# How to calculate the required torque for an azimuth/elevation antenna rotator?

I want to build an antenna rotator for a 1M dish. How do I calculate the required torque for the motor of the elevation axis?

Here's a sketch of the problem:

If the "bottom" of the dish is the pivot point, what would be the required torque to rotate the dish around this pivot point? Obviously the motor will have a series of reductions to reach the required torque and speed. The last stage a worm gear with a turn ratio enough to prevent rotation from the antenna weight when no power is being applied.
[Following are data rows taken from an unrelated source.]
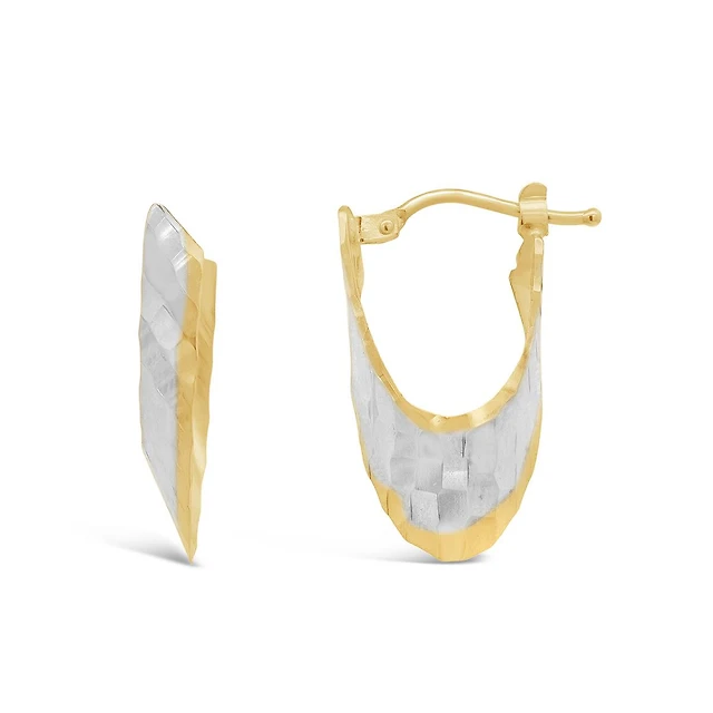 10K Yellow Gold Hammered Diamond Cut Hoop Earrings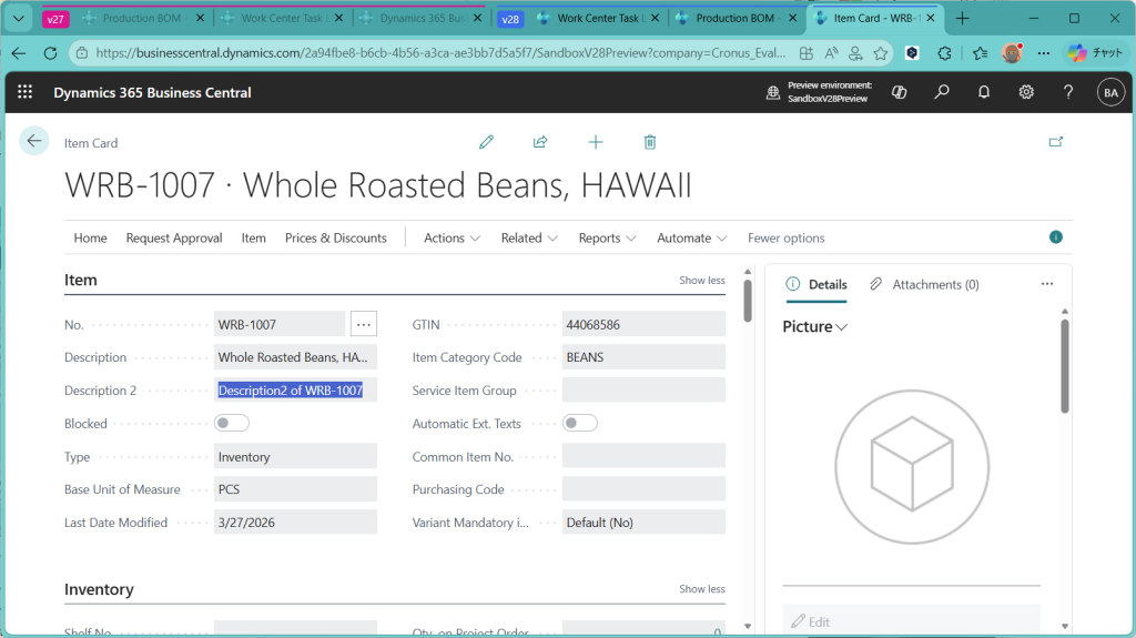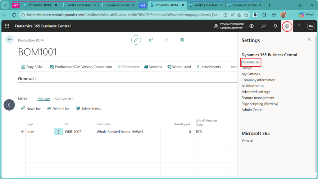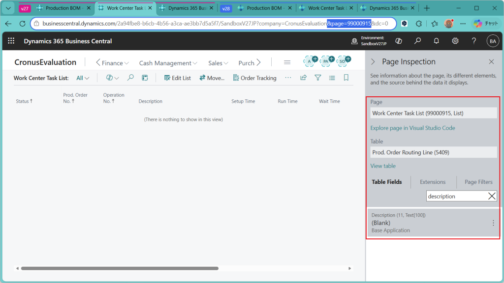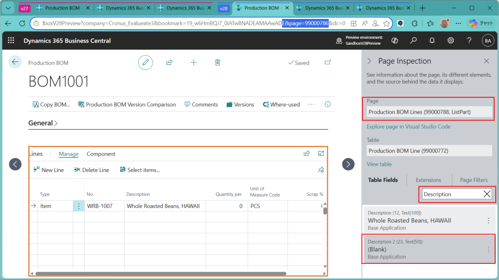 V27の同じページを見てみます。”Description”はありますが、”Description2”は存在しません。V28で項目追加された、ということです。そしてページ検査モードで見ると、このページ(正確にはフォーカスしているラインタブのサブフォームページ)のソースとなるテーブルを確認できます。”9900772:Production BOM Line”テーブルで、これは冒頭に載せた”V28でDescriptionが追加されたテーブル”のExcelに含まれているテーブルです。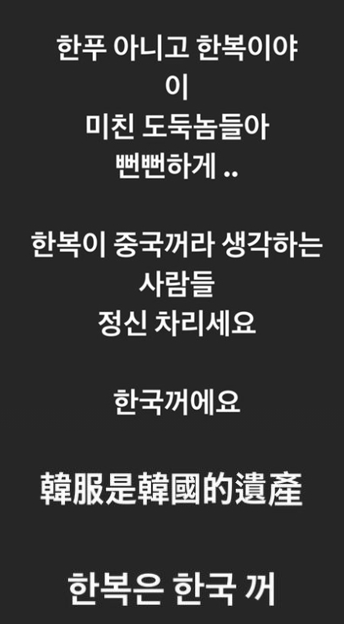 송가인도 16일 자신의 인스타그램에 "김치도 한복도 우리나라 대.한.민.국 거예요! 제발^^ #김치 사랑 #한복 사랑"이라는 직언과 함께 한복을 입은 사진도 게재했다.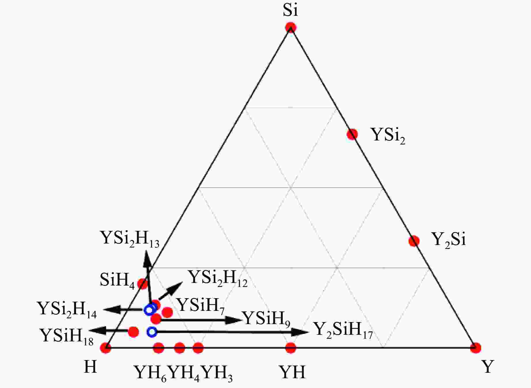 Figure  1.  Thermodynamic convex hull diagram of Y-Si-H system under pressure of 150 GPa (The red solid points are represented as thermodynamically stable structures on the convex hull, and the blue hollow points are represented as metastable structures deviating from the convex hull within 15 meV/atom.)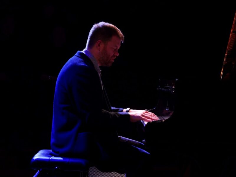 アンコールは〈Souffle〉。コリンが左手でテーマを弾き始めるとすぐにベース、ドラムスが加わる。サトリウス(ds)がスネアの上に木片(?)を乗せリズムを刻み始めた。スティックで叩く木のアタック音と、スネアのヘッドをマレットで刻む音が反響する。ベースとドラムのリズムの上で、ピアノのメロディが少しずつ変化し繰り返されていく。スフレはお菓子のことではなく、「儚い」とか「淡く膨らんだ」という意味とのこと。とても耳に残る旋律で、いつかアルバムに収録されるかもしれない、とのことだ。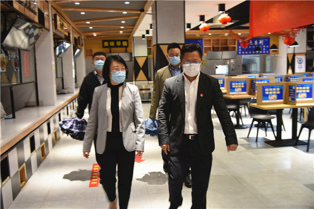 洪总一行实地查看了学院进出通道测温区设置、教学区、宿舍区、食堂就餐、防控物资储备、集中医学观察点。“师生活动轨迹是否清晰,防护物资是否齐备,消杀毒状况如何?”洪总看得认真、问得仔细,对不足之处,现场督促整改。为确保师生安全有序就餐,学院将原有的大学生活动中心改为临时就餐点,严格按照分隔用餐原则。同时,加强重点场所清洁消毒和通风,严格落实学院工作人员的个人防护措施。洪总对此表示肯定,并叮嘱学院紧盯食堂、教室、寝室等重点区域,严之又严、细之又细抓好各项防控措施。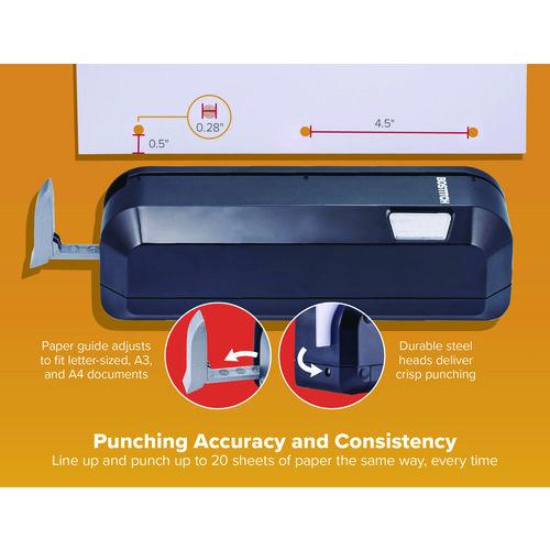 20-Sheet Electric Three-Hole Punch, 9/32″ Holes, Black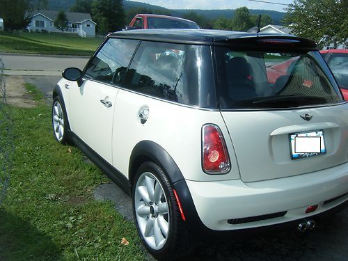 Up for auction is pristine 2005 Mini Cooper S. This car is loaded and is in near perfect condition. The two-tone paint is Black and Pepper White. The exterior is in excellent condition. The exterior has been well taken care of and the paint is still very good. The car, being 8 years old now, does show some minor wear in a few spots. It has some minor dings as well. It also has the usual stone chips, especially on the front, the larger ones were painted with factory-spec touch up paint. The paint will be included with the car. The odometer reads 64,375. I have owned the car for about a year and half, and I have put about 1500 miles on it. The oil change, from when I purchased it should be good for about another 1500 miles. But because its synthetic, the car's computer reads about 9000. As far as I know, I am the third owner. It has been adult owned since new. The car, with it's 1.6 liter supercharged four cylinder, mated to the six speed manual transmission is a blast to drive. It also gets great gas mileage. The car has the leatherette material seats. The seats look brand new, very little wear on them, especially the rears. The car has the cold weather group, so it has heated front seats. The car also has two rubber floor mats in the front, but none for the back. It has the panoramic moon roof with the sunshade. The car also has the Harmon-Kardon sound system, which sounds great. Everything on the car works just like new. AC blows ice cold and climate control works. It runs and drives like new. Clutch is good, as well as the brakes. The drive belt was replaced about 500 miles ago. It has new windshield wipers all the way around. It has some tasteful modifications to it. It has a magnetic oil drain plug from Bavarian Autosport. It also has a genuine ALTA cold air intake and an Autometer Vacuum/Boost gauge. Tires are good, they passed inspection back in May. They are continental run-flat tires. The wheels are in very good condition, though they have some minor curb rash. That was done by a previous owner. This car is nearly perfect and just great. This car does not need anything! The car has a clear title, but one lein recorded. I have the letter of lein release showing that the loan was satisfied. Don't miss out on one the best cars you will ever own! If you have any questions, please feel free to ask! Buyer is responsible for arranging and paying for shipment of the car. Non-refundable deposit of $500 is due within 48 hours of auction close. Remaining balance payment is due within 7 days of auction close. Thanks for looking and happy bidding!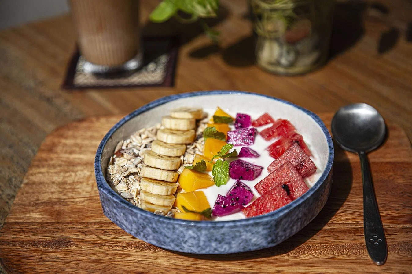 Yogurt, mango, dragon fruit, water melon, muesli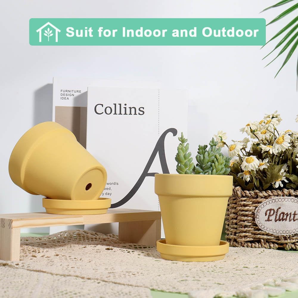 vensovo 6 Inch Yellow Terracotta & Clay Pots for Plant with Saucer - 4 Pack Medium Terra Cotta Planter with Drainage Hole, Flowerpot for Indoor Outdoor Plants, Crafts, Wedding Favor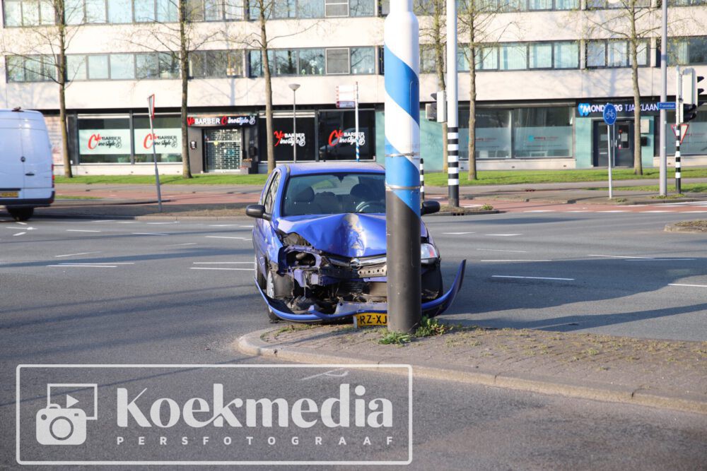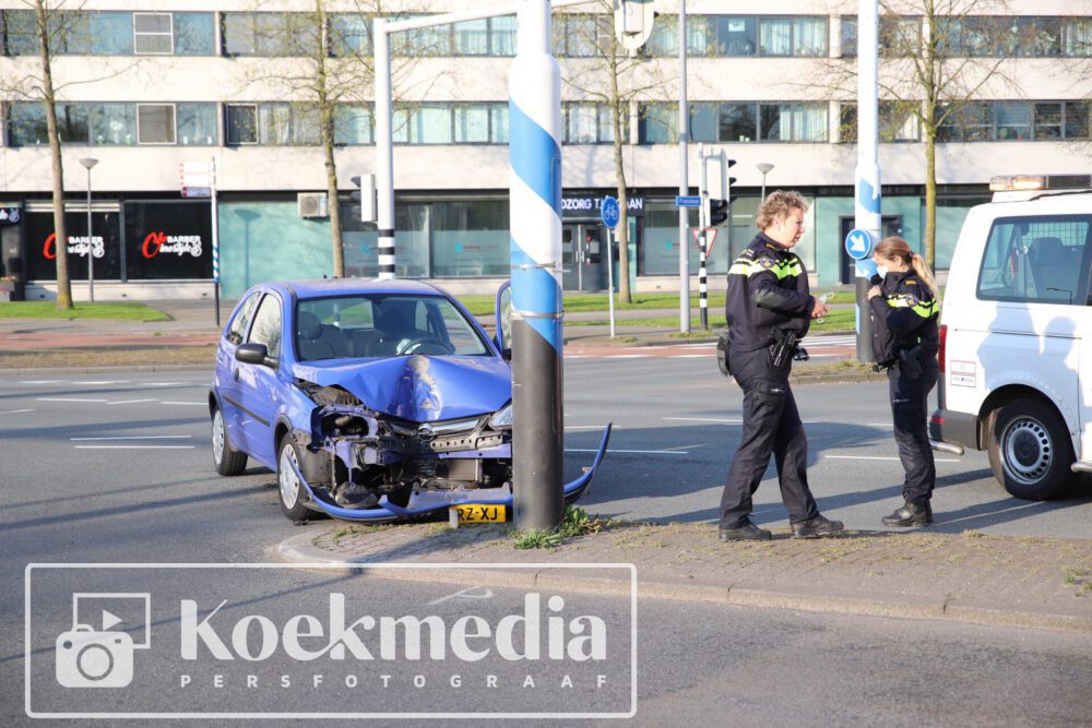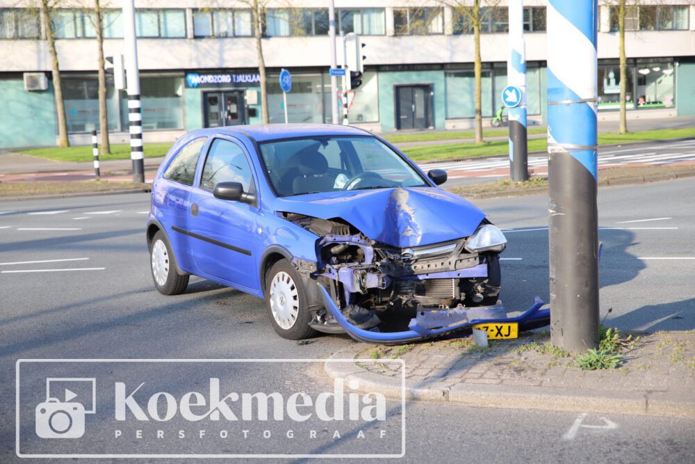 De auto raakte hierbij de verkeerspaal en raakte zwaar beschadigd. De bestuurster raakte niet gewond na het ongeval. De politie heeft geassisteerd met de hulpverlening. Een bergingsbedrijf zal de auto ophalen.

• Do you mean you want to swivel to right and left or up and down and how much is the maximum anticipated wind speed? the dashed line is what? a rooftop? Mar 16 '20 at 23:28
• The dashed line is the ground, or a rooftop. Either way it will be a concrete slab. I want it to swivel up and down (also right and left but that's a different problem). Winds here can be as high as 250km/h on a good storm, but usually not more than 40-60 on windy days. The dish is a grid, so the wind load is greatly reduced. The final reduction is a 9:1 worm gear used for outdoor roller curtains and retractable awnings so it should be pretty sturdy. If the motor can't spin during high winds it's not an issue as I don't expect to operate this during storms.
– hjf
Mar 17 '20 at 0:59
• You can add a counter balance to reduce the necessary torque. You also need to consider wind if you are outside. Dec 12 '20 at 3:24

## 1 Answer

we just do it for gravity and assume 90% efficiency for the gear, or if they have a datasheet look that up.

Regardless of the dish being perforated in certain angles it could act as a wing and create flutter, lift, destructive vibration. So we need to use a light truss to stiffen the dish.

Let's call the dish mass m and its depth H, and assume by just eyeballing the parabola's CG axis is at H*0.45. and say we want the torque $$\tau \$$ to deflect the dish from horizontal to 90 degrees up vertical.

$$\tau_{max }= m *0.45H/9*(1/0.9)=0.055mH$$